• [Supplied records]:
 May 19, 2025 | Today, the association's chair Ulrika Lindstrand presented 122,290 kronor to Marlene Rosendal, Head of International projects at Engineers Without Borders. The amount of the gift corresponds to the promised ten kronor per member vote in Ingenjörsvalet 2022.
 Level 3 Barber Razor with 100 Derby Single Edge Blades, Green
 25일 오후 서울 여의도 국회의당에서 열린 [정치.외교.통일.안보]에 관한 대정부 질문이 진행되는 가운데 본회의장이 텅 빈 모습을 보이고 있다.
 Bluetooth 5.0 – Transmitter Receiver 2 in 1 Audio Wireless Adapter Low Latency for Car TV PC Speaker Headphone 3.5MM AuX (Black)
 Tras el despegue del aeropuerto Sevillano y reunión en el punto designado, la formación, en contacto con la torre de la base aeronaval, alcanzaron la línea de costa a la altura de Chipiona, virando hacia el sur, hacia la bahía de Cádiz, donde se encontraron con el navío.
* * *
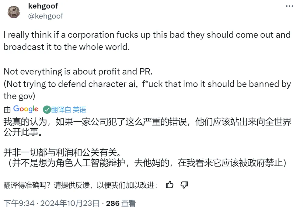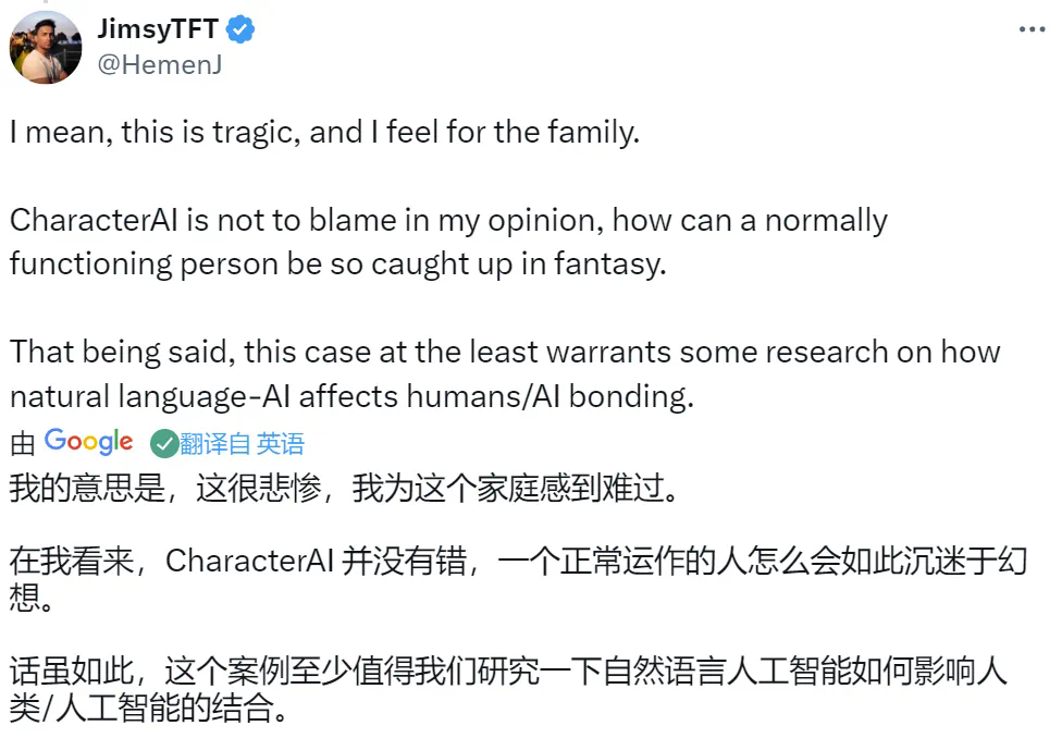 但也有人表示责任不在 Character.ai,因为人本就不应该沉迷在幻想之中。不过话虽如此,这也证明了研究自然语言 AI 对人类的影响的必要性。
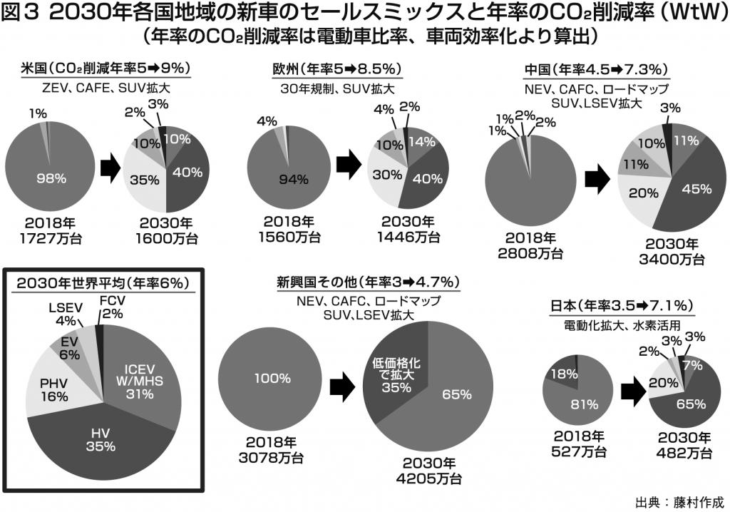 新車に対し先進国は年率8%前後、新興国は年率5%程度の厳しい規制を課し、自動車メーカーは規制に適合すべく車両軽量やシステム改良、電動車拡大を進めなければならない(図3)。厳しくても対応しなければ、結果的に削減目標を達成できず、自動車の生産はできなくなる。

• [Required action]:
Look above for the line that contains "Level 3 Barber". Starting there, transcribe every line exactly until you have copied the line that contains "Bluetooth 5.0 –".

• [Solution]:
 Level 3 Barber Razor with 100 Derby Single Edge Blades, Green
 25일 오후 서울 여의도 국회의당에서 열린 [정치.외교.통일.안보]에 관한 대정부 질문이 진행되는 가운데 본회의장이 텅 빈 모습을 보이고 있다.
 Bluetooth 5.0 – Transmitter Receiver 2 in 1 Audio Wireless Adapter Low Latency for Car TV PC Speaker Headphone 3.5MM AuX (Black)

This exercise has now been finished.